Batteries, for the most part, have remained unchanged for the better part of the last several decades. While some elements have changed in a conventional battery, the size and standard battery life inside of most consumer products and electronics have remained greatly unchanged. At least, that was the case until Stanford University scientists recently announced they had designed a carbon battery with a far superior battery life.
Carbon is an inexpensive material found throughout the world and is used in many different materials, ranging from water filters all the way to air deodorizers. Now, the scientists are still working on what is known as the pore connectivity. Carbon doesn’t have the same kind of connectivity element as is the case with standard batteries, which means there can be a reduction in the continual energy flow, should the pores stop connecting with one another. Once it is completely figured out how to correct this issue, the Stanford battery should prove to be not only more environmentally friendly, but a battery that can drastically increase the amount of energy that can be stored inside of the battery.
The Stanford designer carbon battery is currently undergoing testing where the processing temperature is increased drastically, from 750 degrees to 1,650 degrees (Fahrenheit). This improves the pore volume by 1,000 percent.
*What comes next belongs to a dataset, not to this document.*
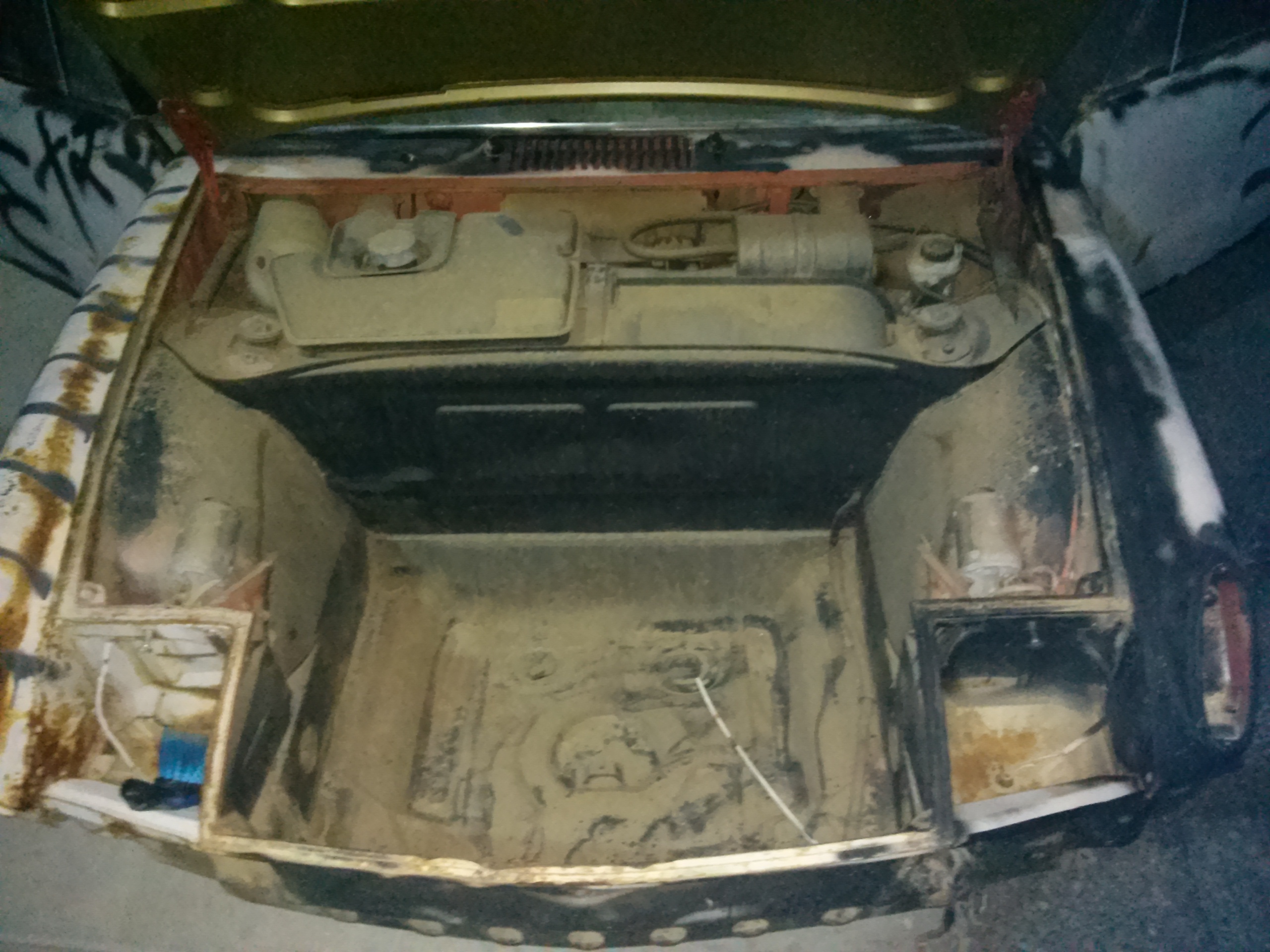 I started disassembling it right before I went off to college. I never drove it again and sold it as a basket case three years later. My second 914 was a project when I bought it. No transmission or engine because the PO had pulled the Buick grand National engine out of it a couple years before I bought it. It had a Chalon kit and the targa bar had been cut off. At some point the PO had added and then removed Testarossa style side bars on it and had not cleaned up the mess. It appeared to be in good shape but as I started to work on it I found the PO was really good at covering rust with fiberglass. I dumped it for a loss soon after. Here is my third attempt at 914 ownership. The transmission for my 1990 922 S2 Cab is in the process of being rebuilt and I was checking Craigslist for a cheap transmission to throw in while I wait for my good trans to be finished. I didn't find any cheap 944 transmissions but I did find a VERY cheap 914. It looked/looks ugly but it has almost no structural rust. The battery tray is gone but the hell hole has just one smallish hole. I will have a patch panel made to replace any weak metal in the area. On the outside of the car, the PO went nuts with black spray paint over grey primer. I've cleaned up most of the black spray paint and some of the primer. The wheels are off and will be media blasted and repainted and I'll throw some basic tires on them for moving the car around during the rebuild. The car is going to be stripped of paint, bondo, and rust by a dustless media blasting company before I decide what direction to go with the bodywork. The options are stock, steel flares, Sheridan kit, or slight flaring of the stock fenders. There are some issues with the existing stock fenders so making major changes won't be messing up a pristine original example. Here are the pics of how it looked the night it came off the truck from the PO. Years of grime and neglect hid a decent set of bones. Attached thumbnail(s) |

With the increase in internal temperature, it allows the battery to maintain continual connectivity power. As long as this temperature is maintained, there should be no problem using the carbon battery.
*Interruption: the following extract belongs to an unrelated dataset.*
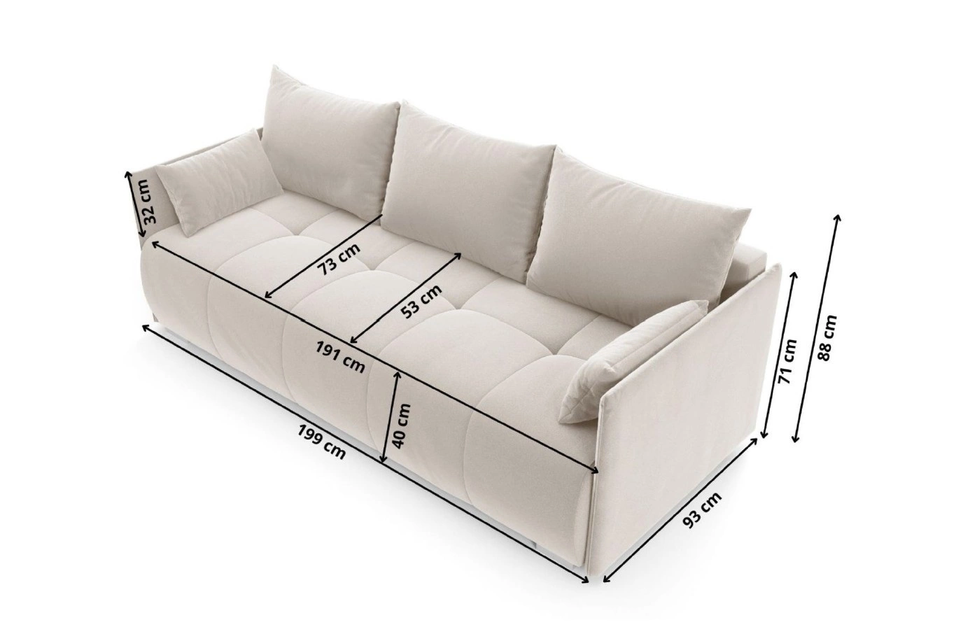 Rozłożenie pełnej powierzchni spania jest bardzo łatwe i nie wymaga użycia dużej siły. Wszystko dzięki zastosowaniu mechanizmu DL, który charakteryzuje się prostą budową i długą żywotnością. Powierzchnia spania kanapy wynosi 142x191 cm. Mebel wyposażony został w niskie nóżki wykonane z tworzywa sztucznego. Ta funkcjonalna kanapa wpasuje się do każdego typu pomieszczenia. Gwarantuje komfortowe i bezproblemowe korzystanie oraz trwałość całego mebla przez wiele lat użytkowania. Idealnie sprawdzi się w roli kanapy do salonu, kanapy z funkcją spania oraz każdym wnętrzu urządzonym w Twoim ulubionym stylu.

There are all sorts of potential advancements that hinge on this battery potential. It is not just allowing a mobile phone to maintain a longer battery life and to avoid changing the AAA batteries on the remote control as frequently. This can improve the battery life on electric vehicles, which means the charge lasts longer, in turn boosting the driving distance a vehicle can travel without needing a charge. Currently, outside of the Tesla models, most electric vehicles are limited to under a 100 mile driving radius, which makes any real driving road trip impossible to do simply on an electric battery charge. The designer carbon battery may change that. Furthermore, spaceflight and exploration heavily depends on batteries, so with NASA and other international partners working toward restoring the exploration of the moon and Mars—and to also have a sustained human presence on the moon—these kinds of batteries may prove extremely beneficial and helpful for the crew and even all of mankind.